To extend the lifetime of the patch, we modified the design of the patch to incorporate poppable pockets filled with media. When growth of the cells begins to decline, the user can pop a pocket that will release new media to provide fresh nutrients. To determine how much longer we could extend the lifetime of our patch, we redesigned the growth curves with the help of Dr. Sui-Lam Wong to compare growth with different types of media. By testing the different media and inducing further growth by adding one milliliter of the given media, we optimized the growth of the cells in the patch environment. Given the change in the delivery design from a microneedle array to a patch, we needed a new method for direct delivery of BBI into the body. Therefore in the genetic constructs for the production and secretion of BBI, a transdermal tag was added to facilitate the diffusion of BBi through intact skin.

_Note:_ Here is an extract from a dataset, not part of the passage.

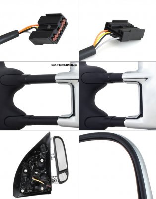 This Ford F350 Towing Mirrors will fit 1999, 2000, 2001, 2002, 2003, 2004 Ford F350. Ford F350 Super Duty 1999-2004 Towing Mirrors Chrome Power Heated also features Chrome Cover,Power Mirror Angle Adjustment,Heated Mirror,Mirror Glass Size: 12" x 8",Manual Extend by Telescoping,Closed Length: 15.5",Extended Length: 17.5",Manual Folding. Replace or upgrade your Ford F350 Towing Mirrors with our Ford F350 Super Duty 1999-2004 Towing Mirrors Chrome Power Heated.

Addressing Issues Outside of the Lab
Whilst we made modifications to our designs in the lab, we also researched how our device can be integrated into society given the current political and economic landscape. In our research of biotechnology-related regulations in Canada as well as internationally, we found that there are many gaps in current regulations concerning engineered organisms’ use in drug applications. This made it very difficult for us to find applicable guidelines for our product had we wanted to bring our device to the market.
In order to remedy this problem, we worked with Dr. Agnes Klein - the Director of the Centre of Evaluation for Radiopharmaceuticals and Biotherapeutics - to develop a policy brief addressing some of the regulatory gaps we observed in current Health Canada regulations.